A record number of Americans are becoming millionaires. As of 2016, there were 10.8 million millionaires nationwide, according to a 2017 report from Spectrem Group. Could you become one of them?
Reaching that milestone isn't the challenge it once was, after all. If you're at the beginning of your career, you still have decades left to save. And even if you're in your 30s or 40s, you may already be on track to reach seven figures by age 67.
CNBC Make It calculated how much you'd have to save each month to become a millionaire in 40 years. Here's how much you'll need to put away, depending on the amount you already have invested.

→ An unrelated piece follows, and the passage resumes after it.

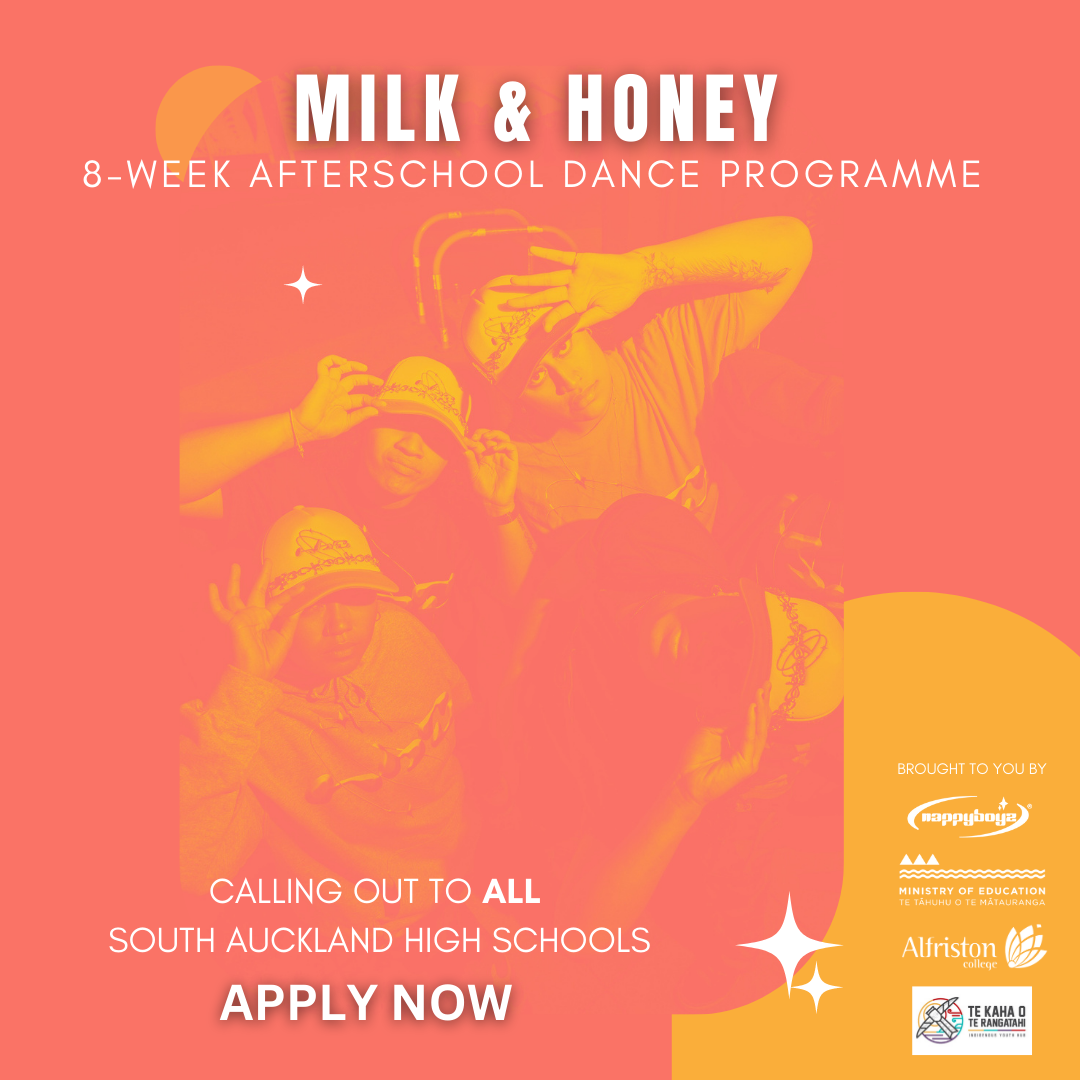 Funded by the Ministry of Education - The Milk & Honey program aims to center & value each student's holistic background through a series of workshops that reflect on their relationship to self, to place, to others & community. Students will also be educated about mental wellness techniques, facilitated by Te Kaha o Te Rangatahi.

To become a millionaire in 40 years with no prior savings:
With a 4 percent rate of return: $876.96 per month
With a 6 percent rate of return: $538.46 per month
With an 8 percent rate of return: $321.68 per month
To become a millionaire in 40 years with $5,000 in savings:
With a 4 percent rate of return: $855.91 per month
With a 6 percent rate of return: $510.77 per month
With an 8 percent rate of return: $286.74 per month
To become a millionaire in 40 years with $10,000 in savings:
With a 4 percent rate of return: $834.86 per month
With a 6 percent rate of return: $483.08 per month
With an 8 percent rate of return: $251.80 per month
The average annualized total return for the S&P 500 index is more than 9 percent. But it's important to keep in mind that these calculations don't account for the many variables that can affect wealth over several decades, including windfalls, emergencies and rises or dips in the market.
Of course, saving hundreds or thousands a month is an ambitious goal, and more than most Americans can manage. But getting into the habit of saving any amount will be great for you in the long run.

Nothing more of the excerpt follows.